突然、こんな内容の手紙が届いたらびっくりしますよね。

もし、こんな手紙が届いたら・・・支払いますか?

お悔み詐欺事件の概要は?

北海道警札幌中央署は5日、新聞のお悔やみ欄を悪用し、遺族から架空請求で金をだまし取ろうとしたとして、佐呂間町宮前町、無職、松尾邦春容疑者(52)を詐欺未遂容疑で逮捕した。「金がほしかった」と話し、容疑を認めているという。

 逮捕容疑は6月21日ごろ、札幌市南区の60代の女性に対し、レンタルスペース業者を装い、「死亡した夫が違法なわいせつDVDを預けていた。警察に提出されたくなければ14年分の利用料金16万8000円を支払え」と虚偽の内容で金の振り込みを要求する手紙を送ったとしている。女性が警察に届け出て、発覚した。

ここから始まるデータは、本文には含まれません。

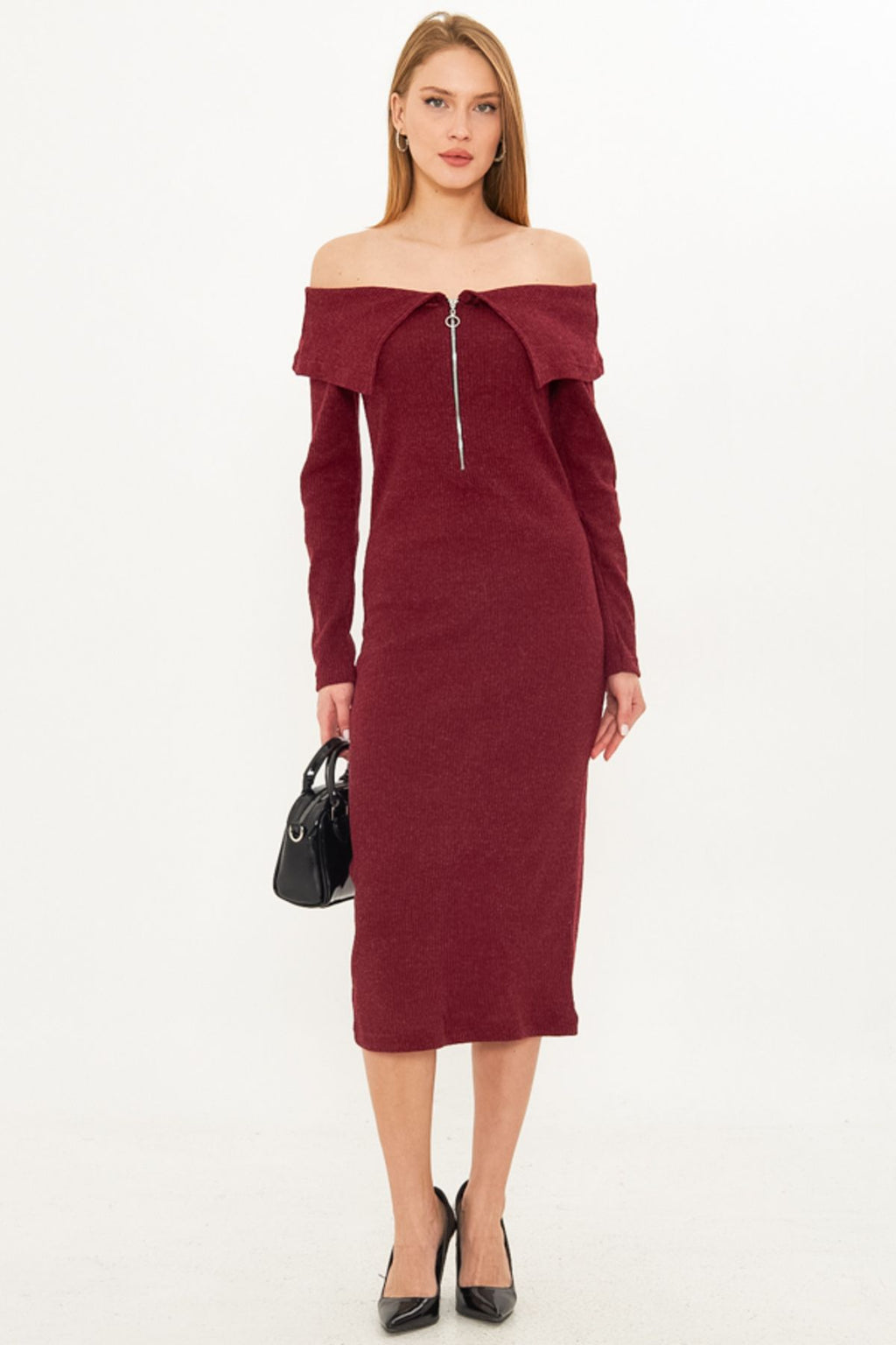 Female Bordeaux Low Shoulder Front Zippered Slit Midi Boynlet Dress ARM-25K001089

 同署によると松尾容疑者は新聞のお悔やみ欄で確認した住所に、同様の手紙を約100通送ったと話しているという。手紙には自らの名前や銀行口座を明記した上で、新聞のお悔やみ欄で顧客の死亡を知り、荷物を確認したとの虚偽の説明をしていたという。

(毎日新聞)

 まさかの実名で請求をしていたとは、浅はかとしか言いようがありません。

ネットに掲載されていた松尾容疑者が作成した「お悔み詐欺」の手紙の内容には新聞のお悔やみ欄を見て手紙を送っているとの記載がされています。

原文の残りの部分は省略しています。